1991
Stanford’s Pancake
August 1991


“Stanford’s Pancake,” Friend, Aug. 1991, 8

Stanford’s Pancake

Let every man esteem his brother as himself (D&C 38:24).

Now I knew. My older brother, Jim, didn’t like me! I had overheard him on the telephone telling Brother Busbie, our Scout leader, that he didn’t want to be in the same patrol with me at the Camporee on Saturday. He said that I always did things wrong and that if I was in his patrol, they’d lose the competition for sure.

After I heard what he said, I went up to my bedroom and closed the door. I lay on my bed and put my face in my pillow. I stayed there a long time and thought it over.

This Camporee was to be one of the biggest Scouting competitions ever held in California. Patrol would be matched against patrol and troop against troop, and I knew that my brother really wanted his patrol to win. He just didn’t seem to remember that when you’ve just turned twelve, you want to do everything right but sometimes you don’t know how.

“Stanford!” That was my mother calling me for dinner.

I sighed and rolled off the bed. I looked at myself in the mirror and saw a skinny boy with messy, blond hair, sad eyes, and a mouth that drooped at the corners. I didn’t look at the boy very long, because the more I looked, the sadder he became.

The morning of the competition, we met at the church and rode out to the Camporee together. I was new in Scouts, so Brother Busbie had to put me in one of the three existing patrols—the Bears, the Trail Hogs, or the Screaming Eagles. Jim’s patrol was the Screaming Eagles. Brother Busbie looked at Jim and at me and back at Jim, then said, “Stanford, you go with the Screaming Eagles.” My brother didn’t talk to me much after that.
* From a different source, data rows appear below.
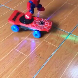 👉 Dùng pin, có đèn nhạc, ván trượt quay 360°, người nhện quay quanh trục ván trượt
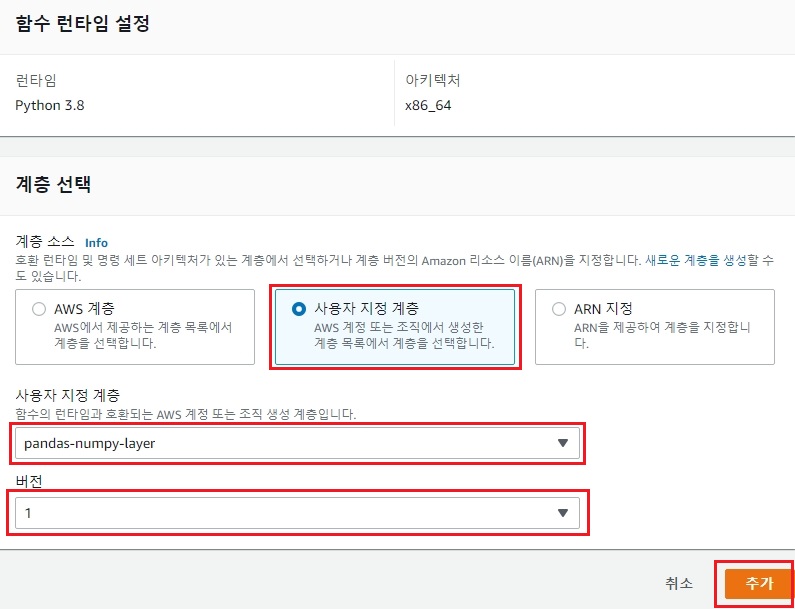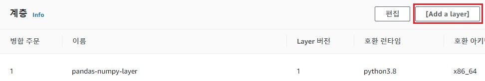 27. Layers를 클릭한후, Add a Layer, 사용자 지정 계층에서 방금 만든 Layer 선택 버전 python 버전 맞는거 선택
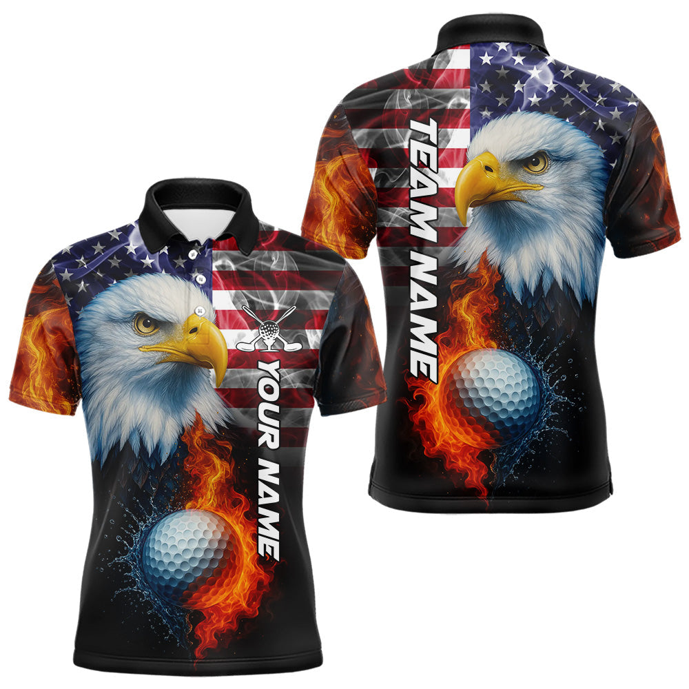 Maxcorners Smoke American Flag Eagle Fire and water Golf polo shirt for Men Custom patriotic Team Mens golf top LM0803
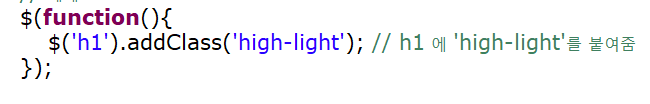 addclass 를 통해서 h1의 high-light를 붙여줌이르써 속성이 적용됩니다.
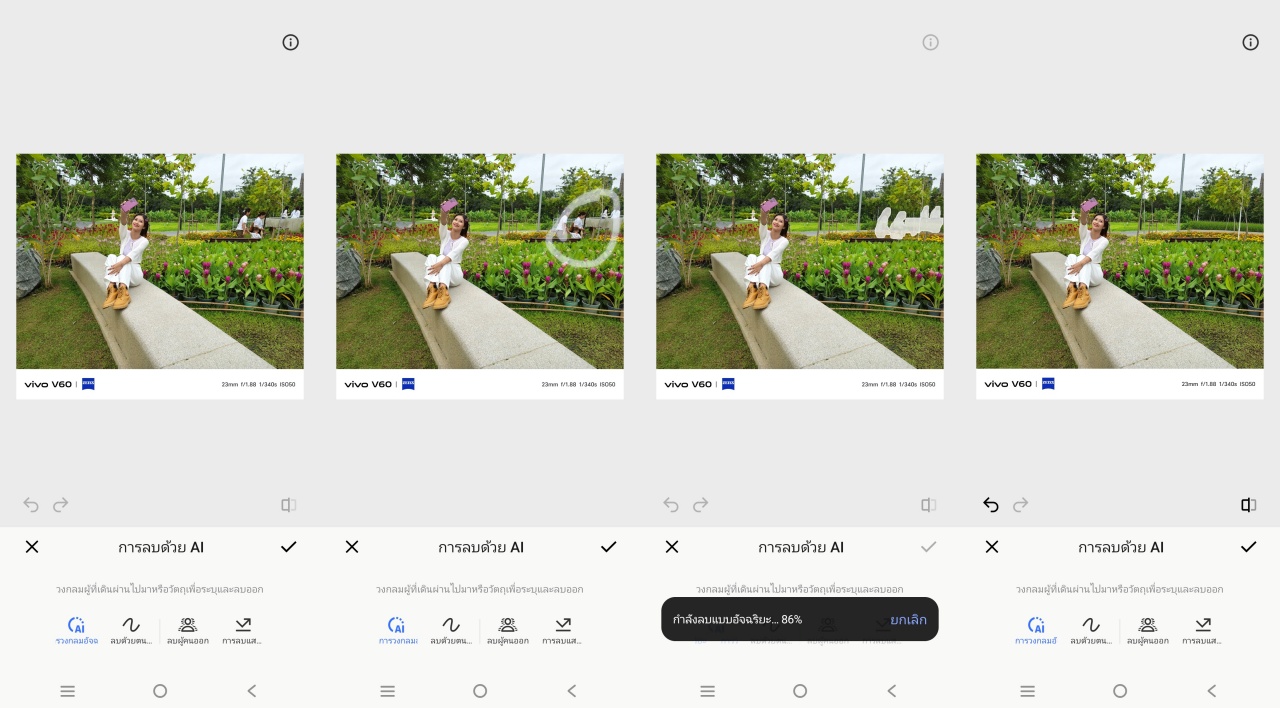 - AI Erase 3.0 ลบสิ่งที่ไม่ต้องการในภาพ เช่นคนเดินเยอะๆ ให้หายไปแค่กดปุ่มเดียว
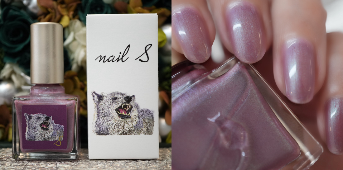 赤紫をベースに、グリーンラメパールがハイライトのように輝きます。張り巡らされた謎の中から、結末への手がかりに光を当てる様子をイメージしたカラーです。
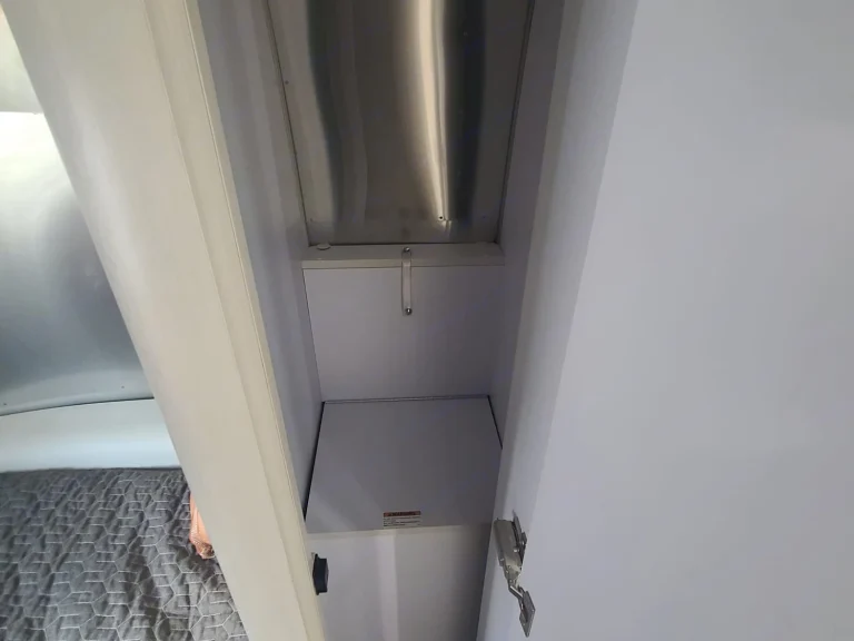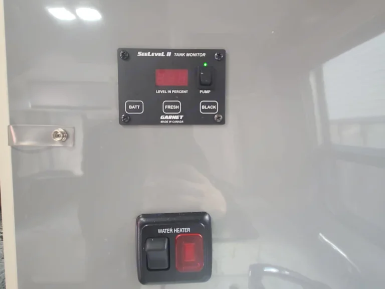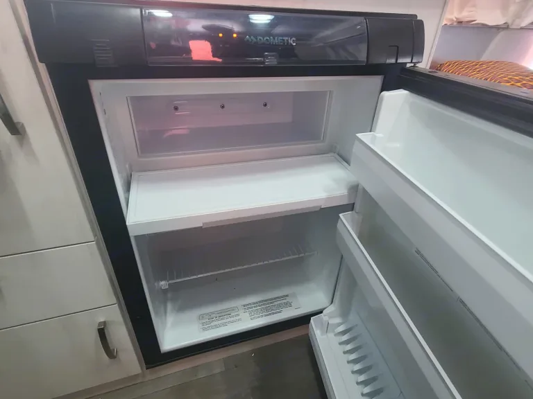 * Three-way (110V, gas, 12V) fridge/freezer.
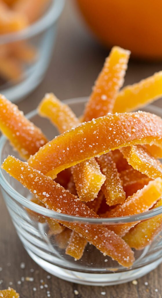 - Make a syrup with sugar and water, then simmer peels until translucent.
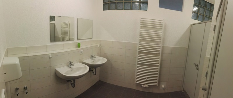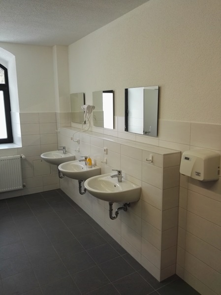 Die Sanitäranlagen im 1. und 2. Obergeschoss des Forsthauses wurden 2017 und 2018 komplett modernisiert. Die Duschen sind separat abschließbar und verfügen über einen Vorraum für die Bekleidung.
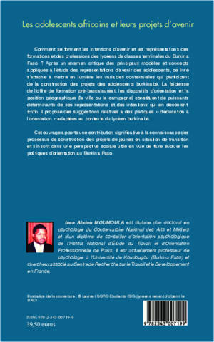 Après un examen critique des principaux modèles et concepts appliqués à l'étude des représentations d'avenir des adolescents, ce livre s'attache à mettre en lumière les variables contextuelles qui participent de la construction des projets des adolescents burkinabè. Il s'inscrit dans une perspective sociale utile en vue de faire évoluer les politiques d'orientation au Burkina Faso.
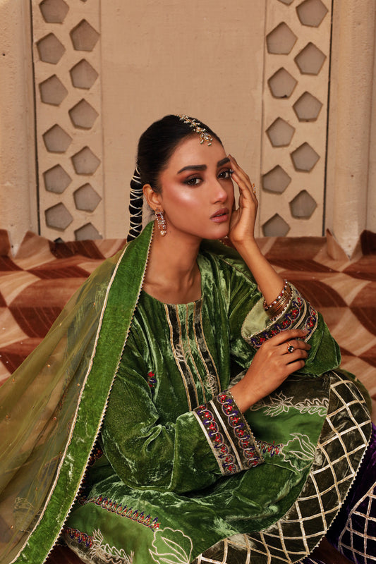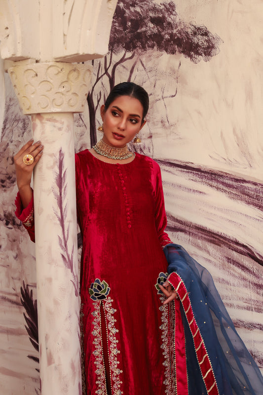 NAZNEEN SHIRT, SHALWAR IN SILK VELVET AND DUPATTA IN NET
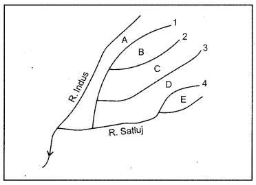 (b) Name any two of the five doabs marked A, B, C, D and E.
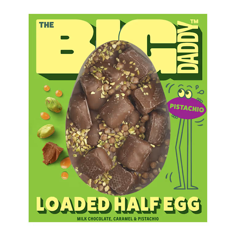 We’ve turned your favourite Big Daddy Bar into an egg! Perfect for pistachio lovers, this extra-thick milk chocolate half egg is layered with soft caramel, chewy caramel pieces and roasted pistachio chunks. Finished with a creamy white chocolate and pistachio centre, it’s a decadent twist on a classic Easter favourite.
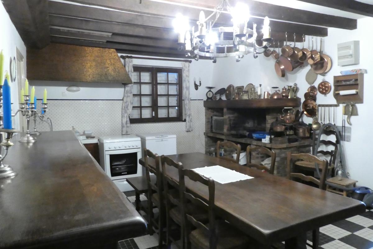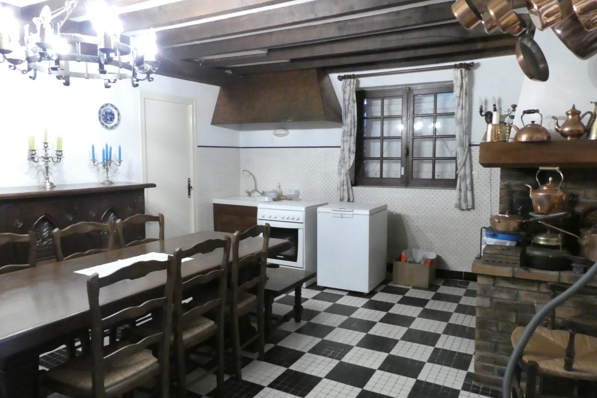 Au rez-de-chaussée : arrière-cuisine, salle de douche, grande cuisine avec cheminée, salle à manger avec cheminée, petit séjour, grand salon vitré, wc
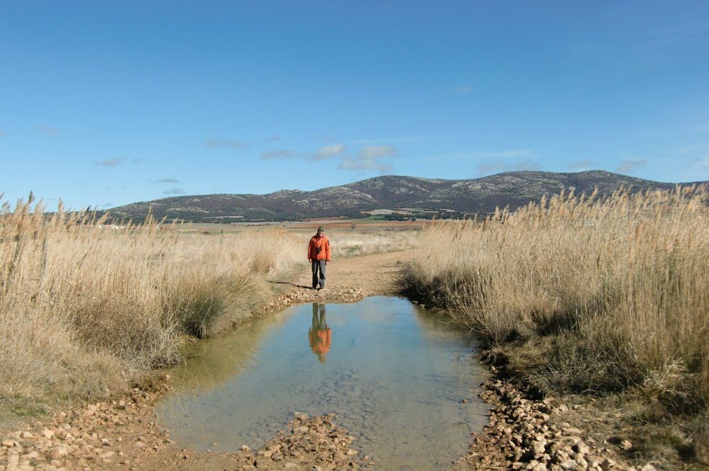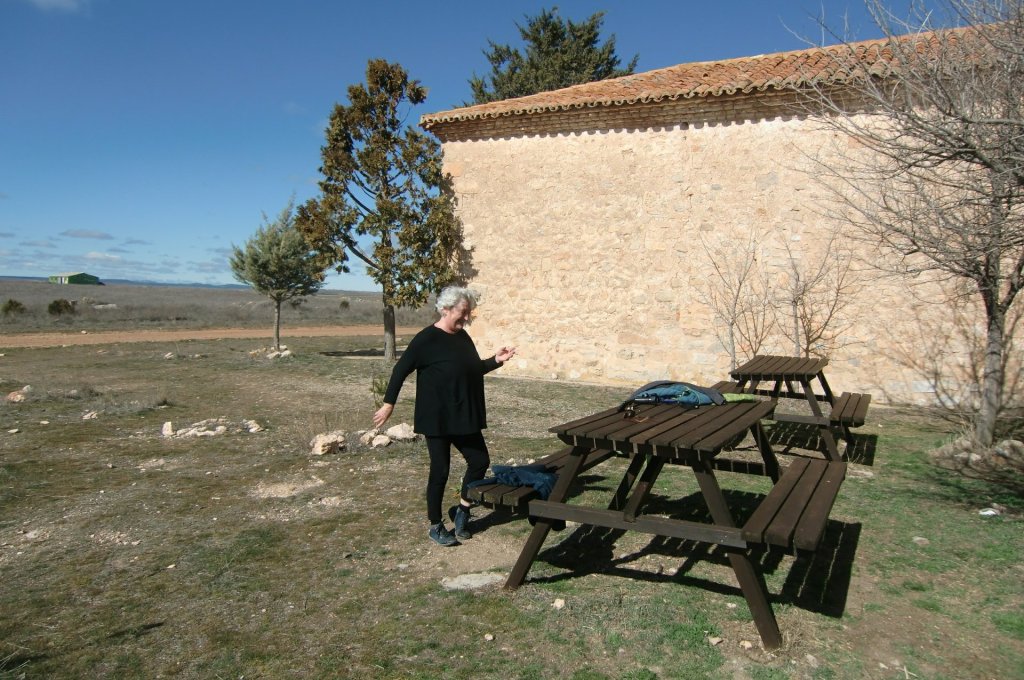 Wie erwartet ist an der Klause kein Mensch, die Sonne scheint und flugs pelle ich mich aus meiner zweiten Kleidungsschicht. Eine Runde Turnen mit Frau Fastner, das ist es, worauf ich nach der ganzen Fahrerei der letzten Tage jetzt Lust habe. Gabi Fastner und ich turnen, YouTube sei Dank, seit rund einem Jahr fast täglich zusammen. Normalerweise in unserem Wohnzimmer, heute mit fantastischem Blick auf die Laguna de Gallocanta.
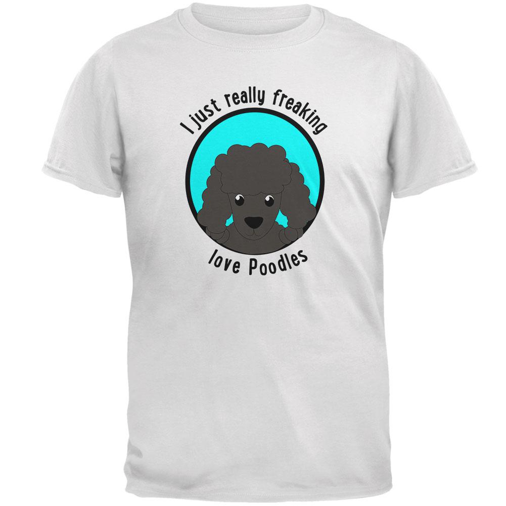 Show your love for your favorite dog breed with this adorable tee. This Animal World design is printed on a 100% cotton men's t-shirt, featuring the text "I just really freaking love poodles".
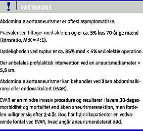 Abdominale aortaaneurismer kan behandles ved åben abdominal resektion eller endovaskulært (EVAR), som er et mindre traumatisk indgreb med lavere tidlig mortalitet og morbiditet. Tolv studier indgår. Resultaterne indikerer, at ved aneurismer > 5,5 cm i diameter kan EVAR anbefales til patienter med komorbiditet. Yngre patienter med mindre komorbiditet vil formodentlig være bedst tjent med åben resektion, set i lyset af fortsat rupturrisiko og behov for livslang kontrol efter EVAR. Højrisikopatienter skal uanset valg af behandlingsmetode præoperativt optimeres medicinsk.
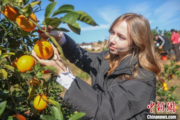11月28日,正是赣南脐橙丰收时节,参加2024洋网红“Talk and Show江西”之赣南行活动的10余位“洋网红”先后走进位于江西赣州宁都县和瑞金市的两个万亩脐橙果园,现场体验采摘、宣传推介赣南脐橙,了解赣南脐橙种植背后的故事。赣州被誉为“世界橙乡”,是中国最大的脐橙主产区,2024年赣南脐橙种植面积达193万亩,预计产量将达到185万吨。图为来自俄罗斯的“洋网红”达利亚在江西省赣州市宁都县会同乡鹧鸪脐橙基地体验采摘。中新社记者 刘力鑫 摄
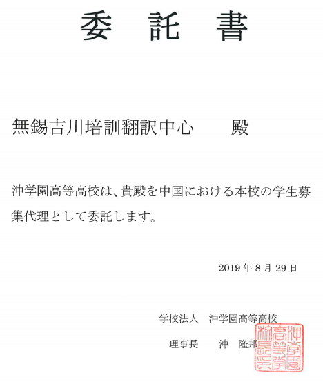明日叶(吉川旗下品牌)与日本冲学园高级中学之缘(被授予招生委托书):

An important event came early in the morning. Each patrol had to clear an area, build a proper fire with flint and steel, mix up some batter, cook a pancake, then give it to their Scoutmaster to eat. The first patrol to finish was the winner. It was meant to be a team effort, so every member of the patrol had to do something.

My brother was the leader of the Screaming Eagles, and I could tell that he was trying to figure out what job he could give me that I wouldn’t mess up. Finally he assigned me to add water to the pancake mix and stir it up.

The whistle sounded, and we rushed to our places. One boy cleared the area with a rake, and another made a circle of rocks. Another gathered bark and kindling. It was Jim’s job to start the fire with flint and steel, and I watched in admiration as he worked. He could usually get a fire started in about six seconds.

Our fire was going! More boys added larger pieces of wood. Someone placed the frying pan over the flames. Then it was my turn.

I always get nervous when I’m under pressure, and this was the most important thing I’d ever done. My hands shook as I poured water into the pancake mix. My heart pounded, and my throat went dry. The smoke from the fire filled my eyes with tears. Suddenly I became horribly aware that I had poured too much water into the bowl. I hadn’t made pancake batter—I had made pancake soup!

Jim stared at me. All the other boys stared at me. Brother Busbie sat farther away on a log near the other leaders, but they all saw what I had done, and they stopped talking to see what I was going to do next.

I looked at Jim and saw the disappointment in his eyes, and I knew I had to do something. I couldn’t let him down. I couldn’t let the Screaming Eagles down. I looked desperately around. Then I saw the clods of dirt.

This wasn’t dirty dirt, the kind that you drag in from the yard and that clings to your shoes and smears itself all over your mother’s kitchen floor. This was clean dirt. It was in nice, tidy clumps that you could pick up in your hand. I grabbed a clump and threw it into the batter. I grabbed another one, an especially large one, and tossed it in too. I stirred until the batter was smooth and thick, then handed it over to the next boy.

The pancake fried up beautifully, and we were still ahead of the other patrols. Everyone was cheering wildly. Brother Busbie was a good sport—he just smothered his pancake with butter and drowned it with syrup, then took a bite.

He chewed. He choked. He gulped down half a glass of milk. Then he took another bite.

I looked over at Jim. He had turned all red and was doubled over, clutching at his stomach. Tears poured down his cheeks, and he was making loud gagging noises as if he couldn’t get enough air. It took me a second to realize what was happening: My brother was laughing harder than I’d ever seen him laugh in my whole life.

We won the contest. Brother Busbie managed to choke down the last bite of pancake a few moments ahead of the next Scout leader. I figured that he deserved a medal and so did all the other leaders who had seen what he had done. When it was all over, I walked up to Jim. I looked straight at him and said, “We won.”

He didn’t get mad or make fun of me, like I thought he would. He just put his arm around my shoulders. “Yes, we did,” he said. “But you know, I just realized something. Winning is great, but, well, working together is important too.” Then he paused and added, kind of under his breath so that no one else could hear: “You’re not such a bad kid, Stanford.”

“You’re not so bad yourself,” I answered, right out loud.